1:34:36
Yes. Yes, it is! Pinky Benson.
1:34:39
He's arriving in his famous,
all-pink Rolls-Royce.
1:34:43
Oh, I've never seen anything like this.
1:34:45
I've covered the biggest
of all premieres: Ben-Hur, Cleopatra.
1:34:49
But this, Flaming Lips...
this is the biggest of them all.
1:34:52
All the greats in show business
are here tonight...
1:34:55
the great
and the near-great...
1:34:57
and all the little people...
1:35:00
Awaiting the premiere
of Flaming Lips.
1:35:03
Mrs. Pinky Benson seems to be wearing
a pink... all-pink chinchilla coat.
1:35:09
Now he's introducing
Mrs. Pinky Benson to the crowd.
1:35:12
Oh, this is fabulous.
1:35:20
The crowd is roaring so much. I hope
you can hear me, ladies and gentlemen.
1:35:24
I have never seen
a premiere like this.
1:35:26
And now they're going
into the theater, as Pinky Benson...
1:35:28
Tonight, in Flaming Lips,
Pinky Benson proved...
1:35:30
that a comedy
can run five and a half hours.
1:35:34
Earlier today, Pinky told us his next film
will run seven and a half hours.
1:35:38
- Listen to that applause!
- Oh, Pinky, baby, you were right.
1:35:40
- This is a gas!
- This is the greatest thing
you've ever done.
1:35:43
I don't ever want to direct
another actor for the rest of my life.
1:35:45
Thank you, pal.
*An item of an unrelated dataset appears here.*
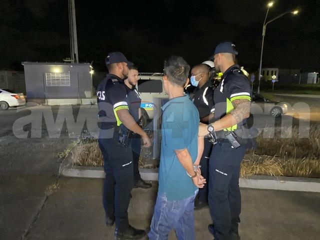 Diadomingo anochi mientras cu polis tabata atendiendo e accidente na e rotonde Sasaki, testigonan a pasa bisa polis cu auto a dal un persona un poco mas pariba na e rotonde chikito banda di Citgo Sasaki, mesora e patruya a bay mira kiko a pasa. A bin resulta cu aki ta trata di un Nissan March cu lo a dal un peaton. Informacion cu nos a logra acumula na e sitio ta cu e peaton lo a bay na un cas den cercania y a pidi un persona cu tabata bezig den e auto y a pidi un lift pero e persona cu tabata den e auto a nenga. Insistentemente e peaton a exigi pero a keda nenga di dun’e un lift, di rabia e peaton a insulta, causa un destruccion y pasa man bay cu un pertenencia y aki a sali bay su tras y poco mas pazuid a dal e peaton. Na prome instante e peaton no kier a ricibi atencion medico pero despues si. E peaton a bisa cu e chauffeur di e auto a menas’e y a dal e cu auto, polis mesora a detene e chauffeur di e auto y a confisca e Nissan March. Despues ora polis a haya sa cu e peaton mes ta esun cu a inicia tur e cos e peaton tambe a ser deteni. Ambos a ser deteni y hiba warda di polis den autonan separa. Departamento technico y forensyco a bini na e sitio y a pasa e investigacion pa recherche.

Let's get rid of that creep.
I'll direct the next one myself.
1:35:49
This picture is a cinch to do 50 million
at the box office.
1:35:52
- Yeah. Too bad I only get half of that.
- Yeah.
1:35:54
And the studio wants you to co-star
with Frank, Marlon and Cary...
1:35:57
- in a remake of The Four Horsemen.
- Well!
1:35:59
- Why should I carry those deadweights?
I'll play all four.
- We want Pinky!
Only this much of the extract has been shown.